Concept

Alpha 21464

Summary
The Alpha 21464 is an unfinished microprocessor that implements the Alpha instruction set architecture (ISA) developed by Digital Equipment Corporation and later by Compaq after it acquired Digital. The microprocessor was also known as EV8 (codenamed Araña). Slated for a 2004 release, it was canceled on 25 June 2001 when Compaq announced that Alpha would be phased out in favor of Itanium by 2004. When it was canceled, the Alpha 21464 was at a late stage of development but had not been taped out. The 21464's origins began in the mid-1990s when computer scientist Joel Emer was inspired by Dean Tullsen's research into simultaneous multithreading (SMT) at the University of Washington. Emer had researched the technology in the late 1990s and began to promote it once he was convinced of its value.
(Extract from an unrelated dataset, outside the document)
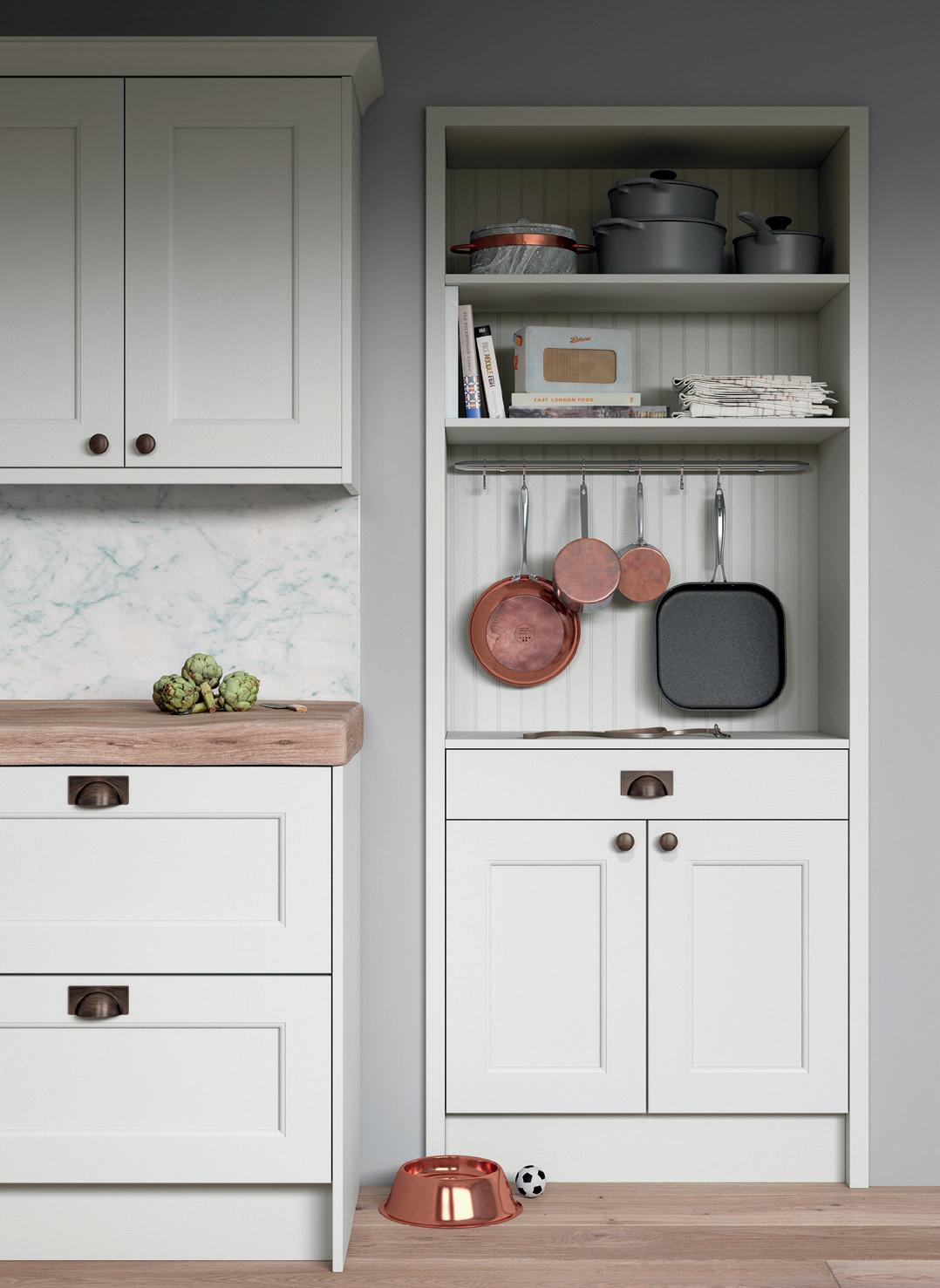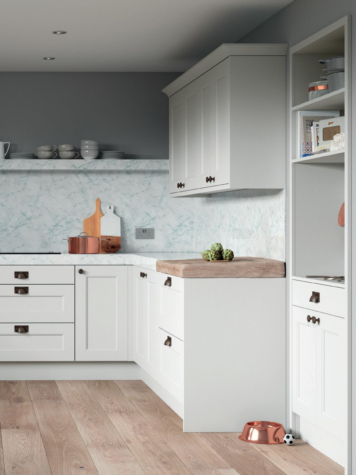 IN ALLESTREE, shaker takes on a softer touch with a rounded bead inside the door panel and a gentle Light Grey and Luna colour scheme. American Copper knob and cup handles are a rustic finishing touch.

Compaq made the announcement that the next Alpha microprocessor would use SMT in October 1999 at Microprocessor Forum 1999. At that time, it was expected that systems using the Alpha 21464 would ship in 2003. The microprocessor was an eight-issue superscalar design with out-of-order execution, four-way SMT and a deep pipeline. It fetches 16 instructions from a 64 KB two-way set-associative instruction cache. The branch predictor then selected the "good" instructions and entered them into a collapsing buffer. (This allowed for a fetch bandwidth of up to 16 instructions per cycle, depending on the taken branch density.) The front-end had significantly more stages than previous Alpha implementation and as a result, the 21464 had a significant minimum branch misprediction penalty of 14 cycles. The microprocessor used an advanced branch prediction algorithm to minimize these costly penalties. Implementing SMT required the replication of certain resources such as the program counter. Instead of one program counter, there were four program counters, one for each thread. However, very little logic after the front-end needed to be expanded for SMT support. The register file contained 512 entries, but its size was determined by the maximum number of in-flight instructions, not SMT.